# Rasmeuson's B+B scones



## LEFSElover (Sep 10, 2007)

Dinner scones
makes 8
preheat oven to 400°

2 c flour
1/2 t salt
1/2 t baking soda
2 T baking powder
4 heaping T light brown sugar
Mix all together in a large bowl.
cut a stick of butter a little more than half, use the larger of the halves and cut that into the flour mix with your hands until mealy.
make a hole in the center of the mixture.
drop in:
1 egg yolk
1/2 c heavy whipping cream
1/2 c soft whipped cream cheese
mix all together.
when it comes together [but may seem still a bit dry] drop it onto a flour surface and bring into a ball then knead 10 -12 times.
Form a disk about 1" high and the round size of a salad plate, and using a scraper, halve the mix, cut down center, and again and again and again until you have 8 triangles.
place on non greased baking sheet. 
use egg white mixed with a little heavy cream and sugar to paint the top of the scones so they'll brown up.
bake about 10-12 minutes, serve with butter


----------



## Fisher's Mom (Sep 10, 2007)

OMG, I love scones!

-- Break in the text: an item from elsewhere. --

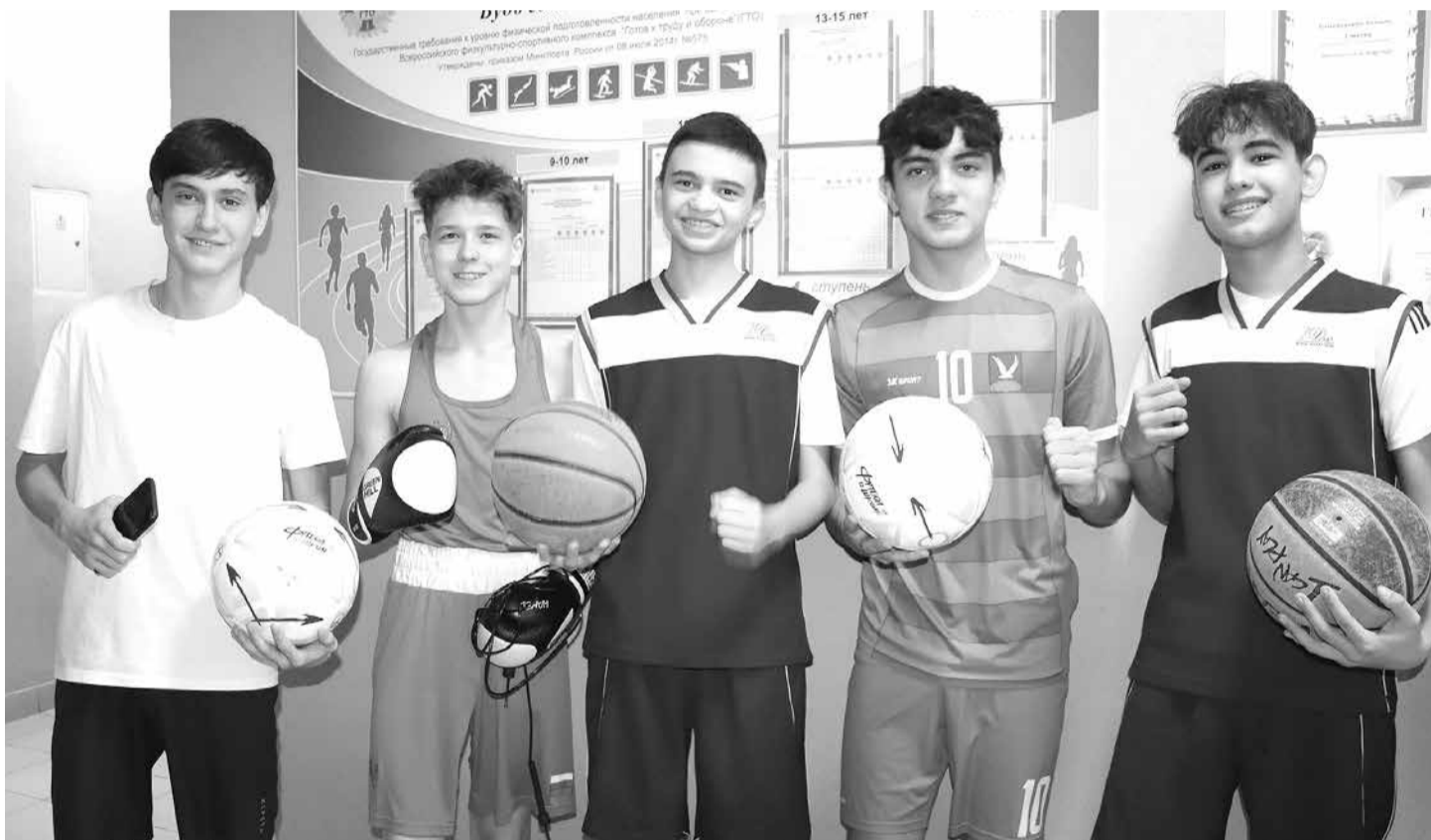
Азнакай 1 нче мәктәбе укучылары спорт ярата.

Социаль-гуманитар белем бирү үзегә доценты, педагогия фәннәре кандидаты

Your recipe looks lovely and very tempting. As I was reading, I was mentally checking off all the ingredients in my head so I know I'll be out to get heavy whipping cream in the morning!!! Thanks for sharing this.


----------



## LEFSElover (Sep 13, 2007)

Fisher's Mom said:


> OMG, I love scones! Your recipe looks lovely and very tempting. As I was reading, I was mentally checking off all the ingredients in my head so I know I'll be out to get heavy whipping cream in the morning!!! Thanks for sharing this.


Ms Fisher, you won't be disappointed, they are moist and wonderful, just remember, don't overwork the dough, underwork it if anything and be generous with the glaze on top, it really crisps up and tops the scones nicely


----------